*** RECORDS TO PROCESS ***

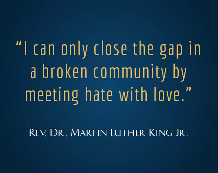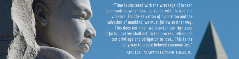 Let us be clear: Dr. King’s principles are meant to change us and in changing us to change our society. They are addressed first and foremost to the heart, calling us to conversion, a conversion that leads to a different way of thinking, speaking and acting. They urge us to leave behind “business as usual” and instead to find ways not only to come together but to stay together for the long haul, in peaceful dialogue and cooperation for the sake of each person’s dignity and for the common good. Thus, if we truly allow Dr. King’s principles of nonviolence to guide us to conversion, we will not be content to camouflage our problems but rather be spurred into action; we will be moved to address and resist injustice in our community. Ultimately, however, it is only a change of mind and heart on the part of many that will lead to a new beginning for us and our beloved community.
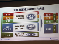 続いて津賀氏は、グループ内における事業領域の見直しについて説明した。これまでは「家電」「住宅」「車載」「BtoBソリューション」「デバイス」という5つで考えていたが、今後は新たな成長を作る「家電/住宅/車載」と、高収益を実現する「BtoB」に分けて考え、「デバイス」に関しては各事業部それぞれで該当する部分を担い、専業メーカーに対抗していく。
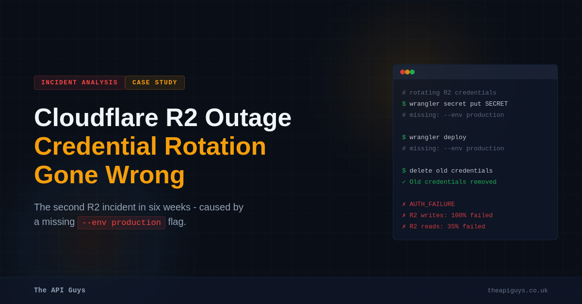 The problem on 21 March was a single missing CLI flag. The R2 engineering team used Cloudflare's own wrangler tool to deploy the fresh credentials. They ran wrangler secret put and wrangler deploy to push the new key pair - but they omitted --env production from both commands.
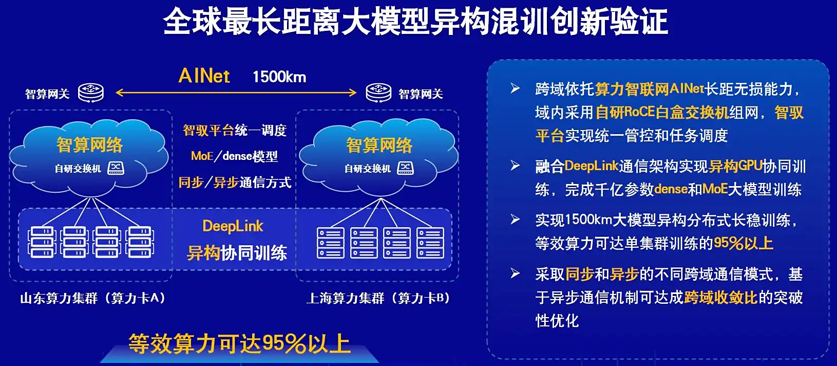 IT之家从大会获悉,通过自动调整多种并行策略和跨域收敛比下 MoE 模型和 Dense 模型的参数配置,联合团队完成了超 1500 公里跨域的千亿参数 AI 大模型异构混训试验,经验证等效算力可达单芯片单集群等效算力的 95% 以上。
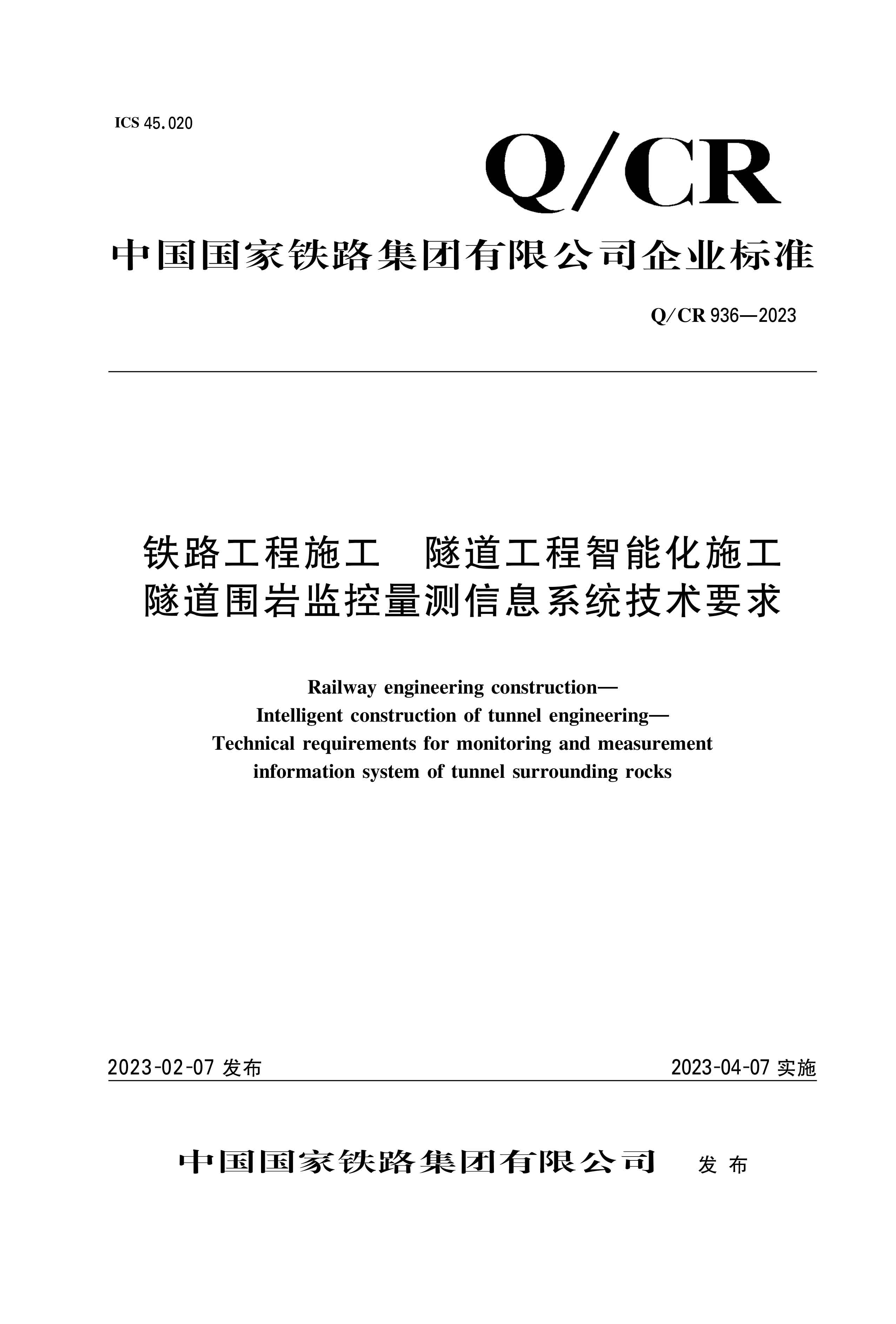 书名:铁路工程施工 隧道工程智能化施工 隧道围岩监控量测信息系统技术要求 Q/CR 936—2023(内部用书)
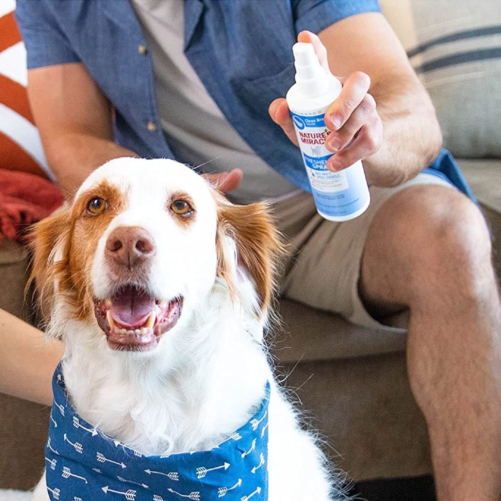 Nature’s Miracle Freshening Spray Clean Breeze Scent is a great way to help neutralize tough pet odors between baths.
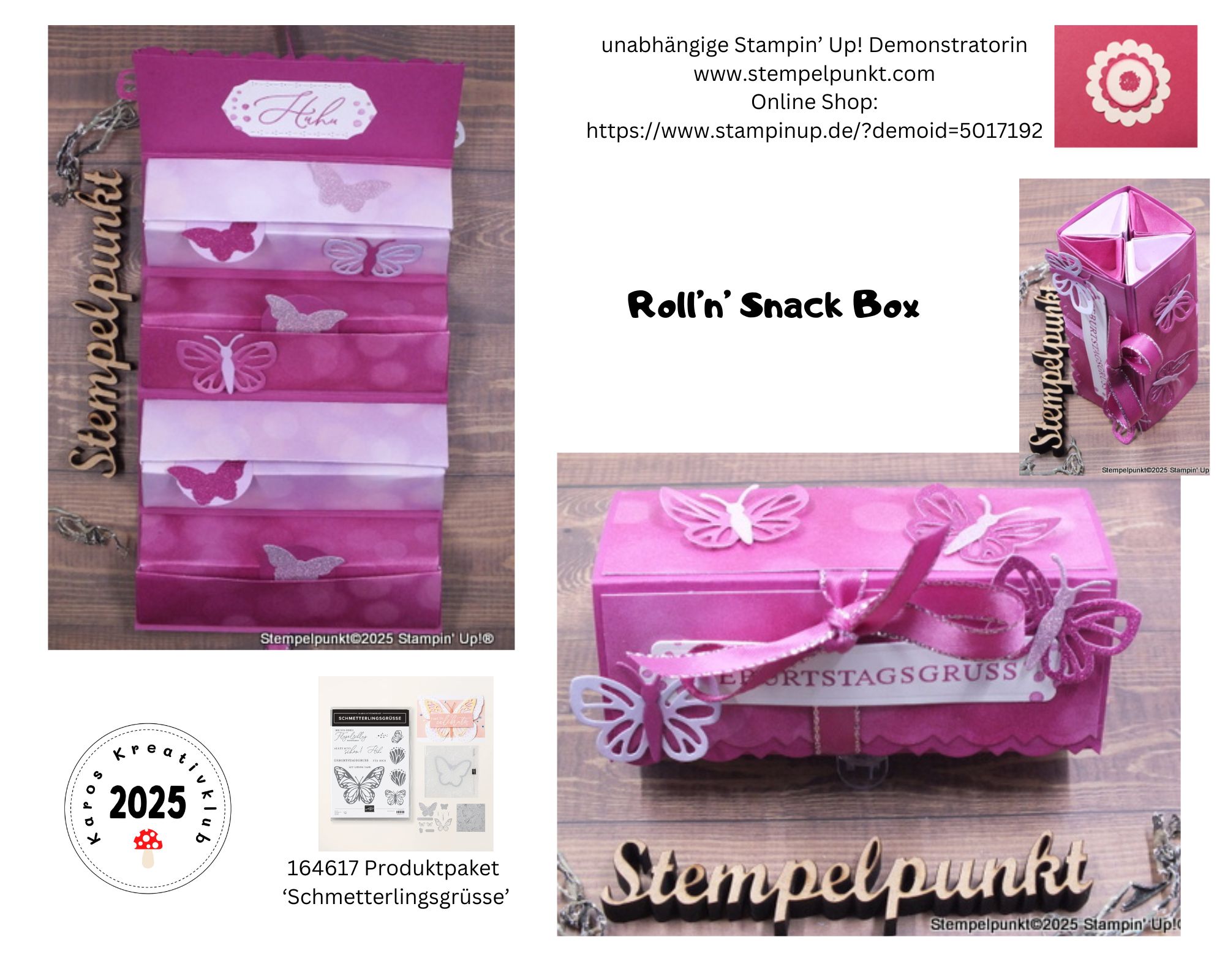 Am letzten Freitag gab es wieder ein virtuelles Treffen in @karoskreativklub. Wir haben eine ‚ROLL’N‘ SNACK BOX‘ gebastelt. Ich habe das schöne Besondere Designerpapier ‚Schmetterlingszart‘ und das Produktpaket ‚Schmetterlingsgrüsse‘ (164617) von Stampin‘ Up! verwendet. Wenn du z.B. dieses Produktpaket bestellst, erhältst du einen Gratisartikel im Rahmen der Sale-a-Bration- nur noch bis 28. Februar!

*** End of RECORDS TO PROCESS ***

[REQUIREMENT] In the transcription, every picture is to be excluded and the records above given again exactly.

[FINAL ANSWER]
 Let us be clear: Dr. King’s principles are meant to change us and in changing us to change our society. They are addressed first and foremost to the heart, calling us to conversion, a conversion that leads to a different way of thinking, speaking and acting. They urge us to leave behind “business as usual” and instead to find ways not only to come together but to stay together for the long haul, in peaceful dialogue and cooperation for the sake of each person’s dignity and for the common good. Thus, if we truly allow Dr. King’s principles of nonviolence to guide us to conversion, we will not be content to camouflage our problems but rather be spurred into action; we will be moved to address and resist injustice in our community. Ultimately, however, it is only a change of mind and heart on the part of many that will lead to a new beginning for us and our beloved community.
 続いて津賀氏は、グループ内における事業領域の見直しについて説明した。これまでは「家電」「住宅」「車載」「BtoBソリューション」「デバイス」という5つで考えていたが、今後は新たな成長を作る「家電/住宅/車載」と、高収益を実現する「BtoB」に分けて考え、「デバイス」に関しては各事業部それぞれで該当する部分を担い、専業メーカーに対抗していく。
 The problem on 21 March was a single missing CLI flag. The R2 engineering team used Cloudflare's own wrangler tool to deploy the fresh credentials. They ran wrangler secret put and wrangler deploy to push the new key pair - but they omitted --env production from both commands.
 IT之家从大会获悉,通过自动调整多种并行策略和跨域收敛比下 MoE 模型和 Dense 模型的参数配置,联合团队完成了超 1500 公里跨域的千亿参数 AI 大模型异构混训试验,经验证等效算力可达单芯片单集群等效算力的 95% 以上。
 书名:铁路工程施工 隧道工程智能化施工 隧道围岩监控量测信息系统技术要求 Q/CR 936—2023(内部用书)
 Nature’s Miracle Freshening Spray Clean Breeze Scent is a great way to help neutralize tough pet odors between baths.
 Am letzten Freitag gab es wieder ein virtuelles Treffen in @karoskreativklub. Wir haben eine ‚ROLL’N‘ SNACK BOX‘ gebastelt. Ich habe das schöne Besondere Designerpapier ‚Schmetterlingszart‘ und das Produktpaket ‚Schmetterlingsgrüsse‘ (164617) von Stampin‘ Up! verwendet. Wenn du z.B. dieses Produktpaket bestellst, erhältst du einen Gratisartikel im Rahmen der Sale-a-Bration- nur noch bis 28. Februar!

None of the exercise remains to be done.